Óscar Collazos
(Bahía Solano, 1942 - Bogotá, 2015)
Knockout técnico
A golpes
(Barcelona: Editorial Lumen, 1974, 98 págs.)
Siento que la pierna izquierda se me cansa, en ocasiones no responde y tengo que agarrarme para no caer. Ahora, el brazo del
mismo lado comienza a fallarme y el olor del maldito alcohol por
todo el cuarto, como si esta fuera la enfermería y yo en camilla solo
esperase una cura aquí, otra más allá, pero, ¡coño!, es el hospital de
Manga y estoy tendido en una cama, simulacro de una lona más terrible,
y las enfermeras no hacen sino decirme: “Tranquilo, Antonio,
que esto no es nada, ya verás”. Y sé que no puedo estar tranquilo, una
fuerza interior me aguijonea y obliga a estar tenso para no darle
salida al movimiento tan deseado de mi cuerpo, mis piernas no dan
más y es que el ring se desfonda y me hundo, chico, me voy hundiendo,
vieja, y los médicos no dicen nada (“no se impaciente, campeón,
ya se lo diremos cuando se sepa”), tengo que esperar el dictamen,
ya me han hecho varias radiografías y tantas y muchas pruebas, una
tras otra, y examinado mi cabeza, vamos a ver si de allí te arranca la
parálisis, total, tantos golpes que uno va recibiendo en la vida, tantas
y tantas zarandeadas en cinco minutos, y vuelven a sacarme líquido,
sí, líquido de la columna para el análisis, y el alcohol y el mercurio
que se respiran en esta sala, esos gritos de un niño en el cuarto vecino,
el pobre, sería lo último que desearía a mis hijos, mi cabeza dando
vueltas enloquecida, un punching-ball golpeado incesantemente, alguien
que le da a la cuerda durante horas y yo a su lado sin poder
moverme, hazlo más rápido que así vas a entumirte, dirigiéndole la
maniobra, controla el cronómetro, no te dejes llevar por el mareo,
novato.
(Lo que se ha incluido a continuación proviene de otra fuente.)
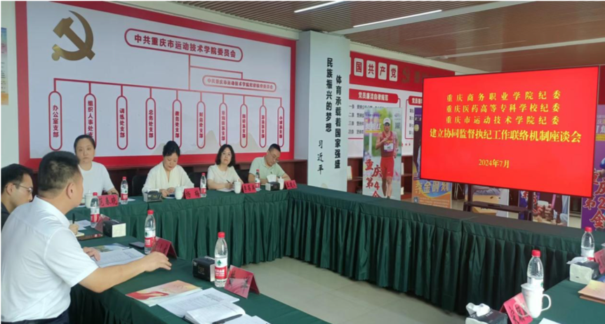 【文/图 纪检监察室】7月8日,学校纪委应邀赴重庆市运动技术学院开展调研交流,并与重庆医药高等专科学校纪委、重庆市运动技术学院纪委开展调研座谈,围绕监督工作联络协调、共建清廉学校开展了研讨交流。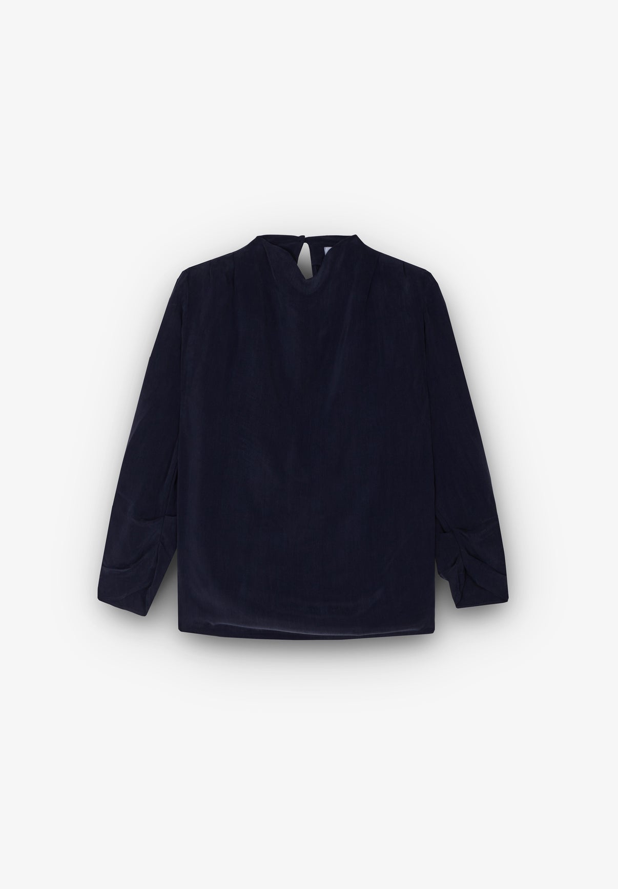 Blusa Ramsos cupro de color azul marino, con escote drapeado cerrado y hombreras estructuradas. Mangas con detalles fruncidos.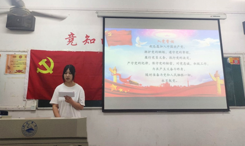 随后新党员杨雯翚同志代表全体新党员进行了发言:“我们要树立‘诚恳做人,踏实做事’的人生准则,以初心敬党心,以誓言敬理想,为共产主义的发展贡献自己的青春和热血。”

Y es raro: oigo a veces un griterío de los infiernos, como si
miles de hinchas me aclamaran y aplaudieran, como si dijeran: “Dale
duro, Toño, acábalo, báilale un mapalé, suénalo con una cumbia,
cógelo de sorpresa con un directo al estómago o mándale un jab
que lo pare en seco”, y escucho campanadas que anuncian el final
del segundo round y lo mantengo a raya, bravo que es este Ismael,
¿quién diría que aguantaría esta pelea con tanto baile y sandunga en
mi cuerpo?, un tigre, una verdadera fiera, un peleador de técnica,
quizá no tan bravo como Ultimio ni tan zorro como Pippermint,
porque los demás, ya tú sabes, ese fanfarrón de Masahiko Harada
(no sé por qué le dicen Fighting si es una penca, una marmota, tanto
como Joe Brown a quien todavía debe estar doliéndole mi paliza),
tantos otros, pero este Laguna sí es un duro, por algo las dos veces
me sentí batallando con los mismos demonios, cruzando el infinito
y sintiendo que mis puños se exponían a una prueba de fuego, a los
corsarios de El Sitio, a los ingleses con sus cañoneras, mi Cartagena
tan linda, la negramenta de Palenque que me aplaude, siempre
conmigo. Sí, oigo la gritería por algunos instantes y este hospital se
llena de gritos, mierda que están gritando por mí, pero no son voces
de las graderías sino voces oídas desde el fondo de mí mismo, desde
el instante en que me dije: no más Antonio, cuelga los guantes, en
esta vida hay que saber sacar la mano, sácala con orgullo, sesentidós
combates son suficientes, ganaste más de cuarenta, empezaste mal
pero luego te fuiste derechito al cielo, solo campeones del mundo a
tu lado, mucho elogio aquí y más allá, mucha aduladera en todos los
lados, este morocho dará lidia por mucho tiempo, es de esperarse
que con mejor preparación y experiencia se convierta en el terror
del ranking, y tanta hedentina a tu alrededor, cuando me dije otra
vez: cuelga los guantes, y desde entonces oigo voces, veo cuadriláteros
en mis pesadillas, salgo a la calle y me dicen “y qué, Antonio,
¿es que no vas a volver?”. ¿A volver? Y yo, tranquilo, nunca perdí la
paciencia, no mi socio, me quedo, hartos puños he repartido en el
mundo, ahora a gozar de la tranquilidad, y volver luego, coger los
guantes y seguir esos buenos consejos porque comprendo que ya
uno no se debe más que a ellos, su público, ¿tranquilidad?, ¿es que
puede llamarse tranquilidad este cuarto, esta cama, este verraco silencio,
porque aquí todo es silencio?
Hablan en voz baja, tienen miedo de despertarnos si dormimos
y temor de que cualquier ruido no nos deje dormir, y eso fastidia,
a veces me voy emputando en silencio, como si los enfermos estuviésemos
preparándonos para morir en silencio. ¿No podríamos
morirnos, si nos vamos a morir, con buena música de fondo? ¿No
nos podríamos ir muriendo con gente que nos hable, que nos pregunte
qué hiciste en la vida y podamos sacar el inventario, decir no
joda que estoy contento, cómo voy a quejarme, hice esto y aquello,
gente que nos hiciese olvidar la llegada de la muerte o de esas otras
muertes que nos sorprenden en tantas y tantas mutilaciones?, ¿gentes
que nos recuerden, cinco minutos antes, que este puto mundo
se parece a un cuadrilátero en donde los puños disparados en el
momento preciso van a inclinar la decisión a nuestro favor?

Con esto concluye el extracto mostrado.